▶ **Task requirements**
Give the data back exactly. Leave out any images.

▶ **Recorded information**
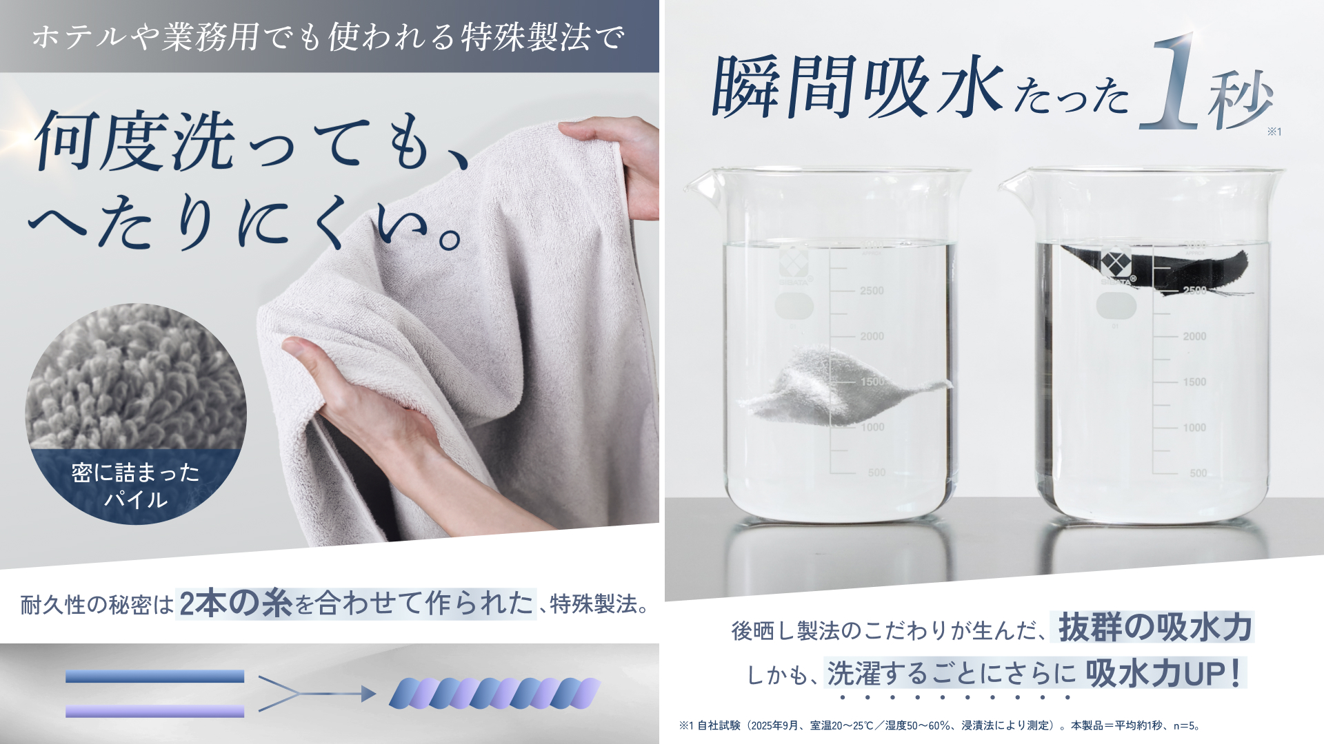 薬剤不使用でニオイ菌を抑制。清潔・速乾・高耐久を叶える、新時代のタオルブランドから機能的なタオル3種類を販売開始いたします。
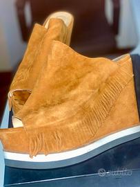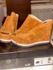 Vendo scarpe Unlace modello Zircon con tacco 12 e plateau 4 cm. Colore cuoio numero 39. Complete di scatola. Usate poco e in buone condizioni
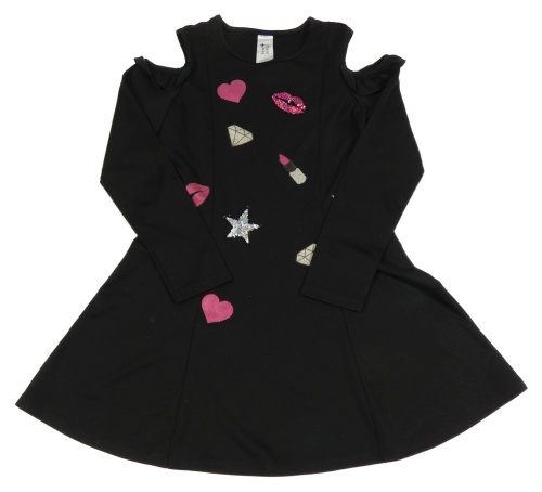 Čierne šaty s obrázky, flitre a volnými rameny H&M

▶ **Output of the exercise**
 薬剤不使用でニオイ菌を抑制。清潔・速乾・高耐久を叶える、新時代のタオルブランドから機能的なタオル3種類を販売開始いたします。
 Vendo scarpe Unlace modello Zircon con tacco 12 e plateau 4 cm. Colore cuoio numero 39. Complete di scatola. Usate poco e in buone condizioni
 Čierne šaty s obrázky, flitre a volnými rameny H&M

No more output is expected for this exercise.